Start of Block
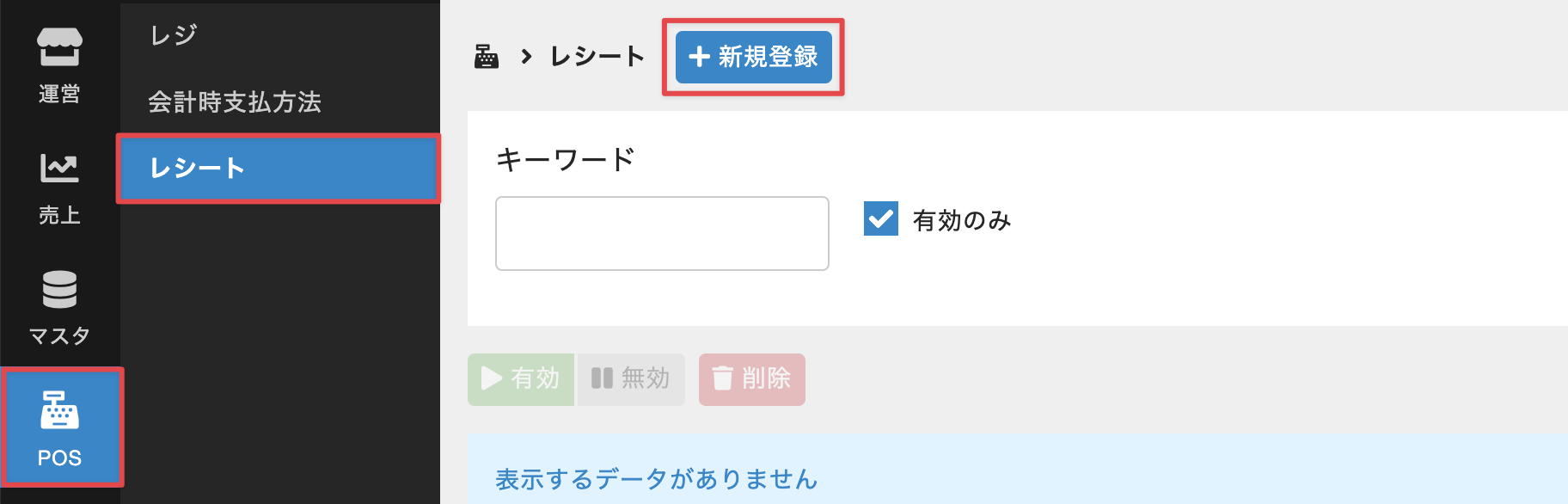 - 管理サイトのサイドバーから[POS]>[レシート]を選択し、レシートの一覧画面で[新規登録]をクリックします。
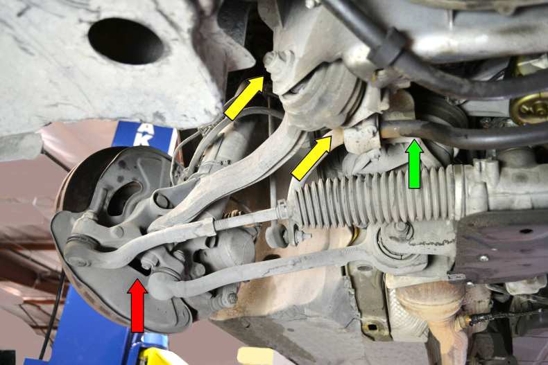 - Когда в шарнирах произошло увеличение люфтов, а они при этом установлены в конструкциях рулевой тяги и наконечниках, то стук может происходить именно по этой причине. Такие неполадки плохо сказываются на управлении транспортным средством, вот почему стоит немедленно приступать к замене этих элементов;
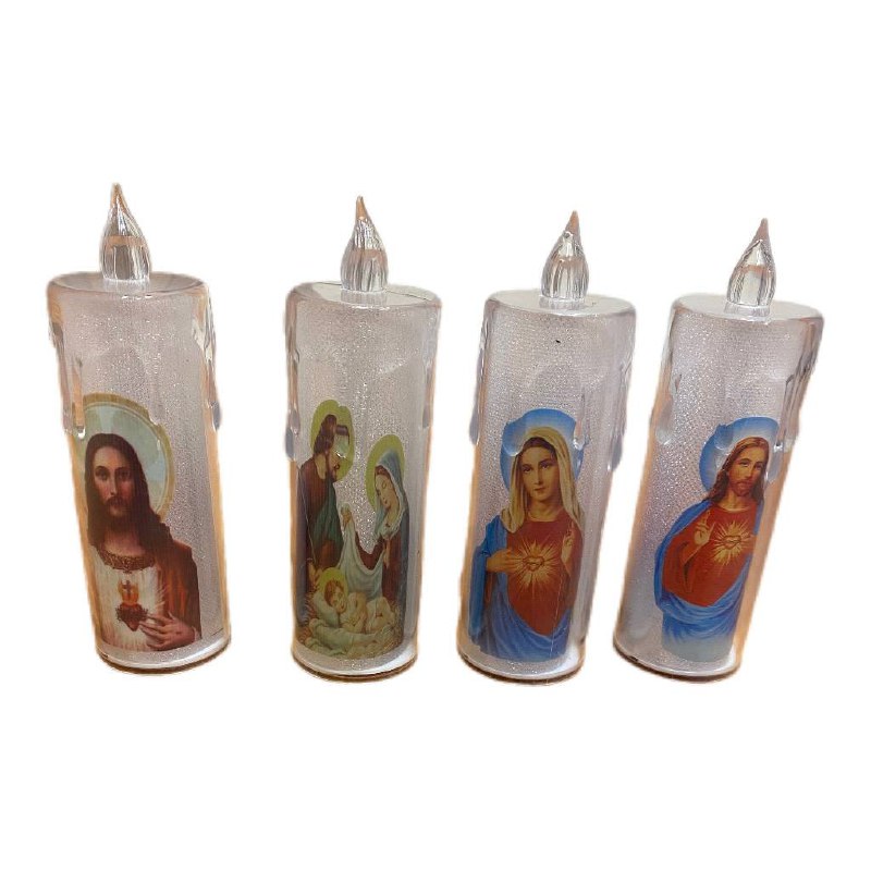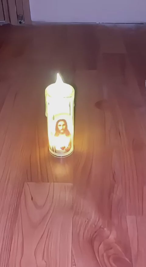 Lleva la luz de la fe a tu hogar de una manera segura y duradera. Esta vela artificial, con su suave iluminación LED y sus devotos motivos religiosos, es el complemento perfecto para tu altar, rincón de oración o como un símbolo de tu fe inquebrantable.
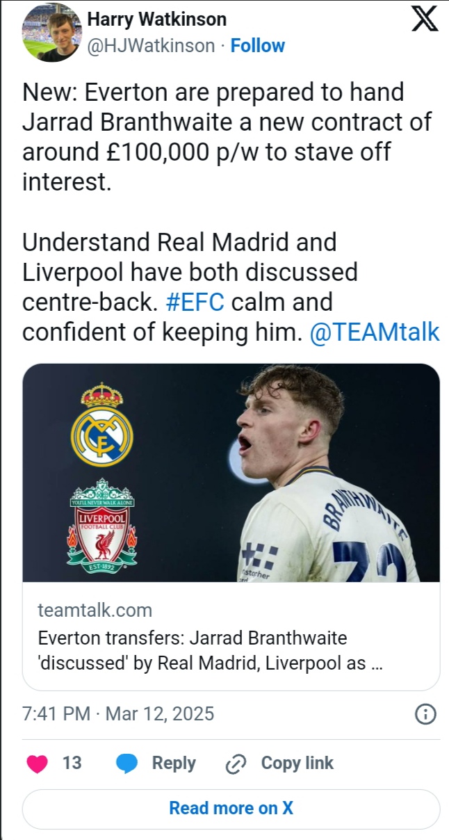 Defender Jarrad Branthwaite has suggested he will remain at Everton this summer despite strong interest from clubs across Europe.
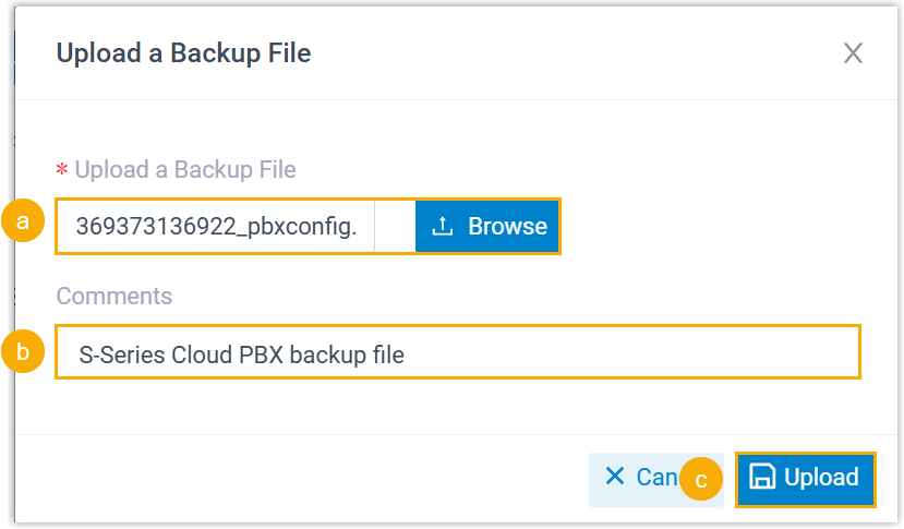 Click Browse to select the backup file of Cloud PBX.
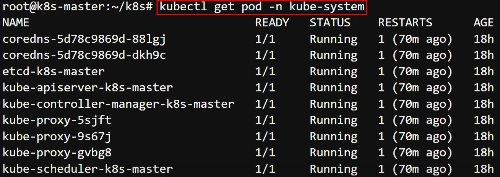 쿠버네티스를 배포하면 기본적으로 만들어지는 아키텍처를 구성하는 pod들을 확인할 수 있다.
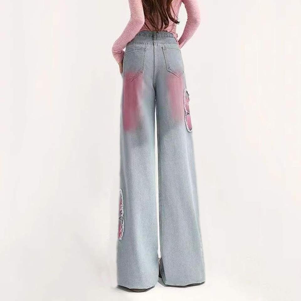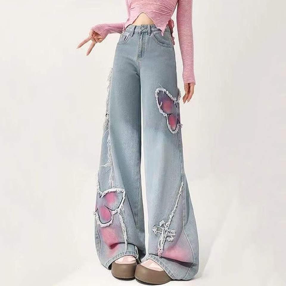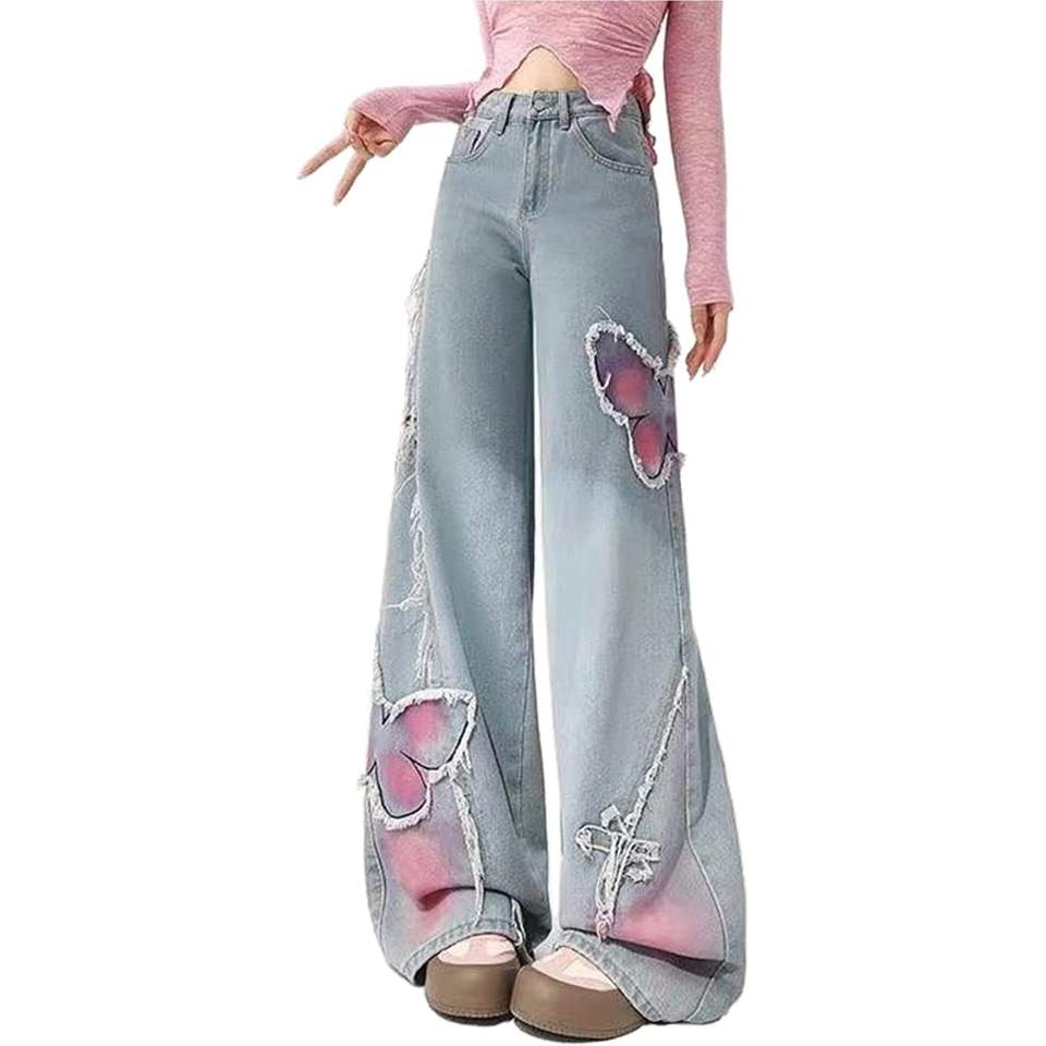 Women's Wide Leg Butterfly Jeans Y2K Embroidered Grunge Baggy Crop Jeans Raw Trim Streetwear for Teen Girls Breathable
End of Block
- **Prompt**: Could you reproduce the entries verbatim, leaving out all pictures?

- **Output below**:
 - 管理サイトのサイドバーから[POS]>[レシート]を選択し、レシートの一覧画面で[新規登録]をクリックします。
 - Когда в шарнирах произошло увеличение люфтов, а они при этом установлены в конструкциях рулевой тяги и наконечниках, то стук может происходить именно по этой причине. Такие неполадки плохо сказываются на управлении транспортным средством, вот почему стоит немедленно приступать к замене этих элементов;
 Lleva la luz de la fe a tu hogar de una manera segura y duradera. Esta vela artificial, con su suave iluminación LED y sus devotos motivos religiosos, es el complemento perfecto para tu altar, rincón de oración o como un símbolo de tu fe inquebrantable.
 Defender Jarrad Branthwaite has suggested he will remain at Everton this summer despite strong interest from clubs across Europe.
 Click Browse to select the backup file of Cloud PBX.
 쿠버네티스를 배포하면 기본적으로 만들어지는 아키텍처를 구성하는 pod들을 확인할 수 있다.
 Women's Wide Leg Butterfly Jeans Y2K Embroidered Grunge Baggy Crop Jeans Raw Trim Streetwear for Teen Girls Breathable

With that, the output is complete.